Seychelles palm frog
- Conservation status: Critically Endangered (IUCN 3.1)

Scientific classification
- Kingdom: Animalia
- Phylum: Chordata
- Class: Amphibia
- Order: Anura
- Family: Sooglossidae
- Genus: Sechellophryne
- Species: S. pipilodryas
- Binomial name: Sechellophryne pipilodryas (Gerlach and Willi, 2002)
- Synonyms: Sooglossus pipilodryas Gerlach and Willi, 2002 Leptosooglossus pipilodryas (Gerlach and Willi, 2002)

= Seychelles palm frog =

- Authority: (Gerlach and Willi, 2002)
- Conservation status: CR
- Synonyms: Sooglossus pipilodryas Gerlach and Willi, 2002, Leptosooglossus pipilodryas (Gerlach and Willi, 2002)

Species of amphibian

The Seychelles palm frog (Sechellophryne pipilodryas) is a species of frog that is endemic to Silhouette Island in the Seychelles. It is closely related to Gardiner's frog, Sechellophryne gardineri.
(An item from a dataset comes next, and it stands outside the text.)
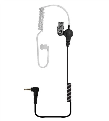 An affordable earpiece for the budget oriented. This acoustic clear tube listen only earpiece with 14″ coiled cord and 2.5 mm connector is for any radio or remote microphone with a 2.5mm earphone jack. The clear tube is replaceable and compatible with our molded earpieces. Typically connects to Kenwood, Harris MaCom, and Otto Brand speaker microphones.

The Seychelles palm frog inhabits forests higher than 150 m above sea level and is closely associated with the palm Phoenicophorium borsigianum (another Seychelles endemic); most individuals are found in axils of the palm. It is the most arboreal of the Sooglossidae. As a result, the palm frog is the most recent species of the family to have been discovered (in 2000).
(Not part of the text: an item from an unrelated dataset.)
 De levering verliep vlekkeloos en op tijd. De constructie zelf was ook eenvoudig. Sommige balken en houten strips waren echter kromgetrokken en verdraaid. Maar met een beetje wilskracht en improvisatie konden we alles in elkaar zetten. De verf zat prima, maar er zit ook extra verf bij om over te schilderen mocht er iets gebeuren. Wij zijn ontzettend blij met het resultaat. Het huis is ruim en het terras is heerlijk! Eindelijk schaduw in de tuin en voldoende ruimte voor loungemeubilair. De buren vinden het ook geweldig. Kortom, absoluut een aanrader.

The reproductive biology of this species is unknown, but it is presumed to involve direct development, i.e. eggs that hatch directly into froglets.

IUCN has reassessed the species in 2012 and concluded that Seychelles palm frog should be considered as "Critically Endangered" because of its small area of occupancy (about ), decline in population size, and threats to its habitat. Its earlier (2004) classification was only "Vulnerable".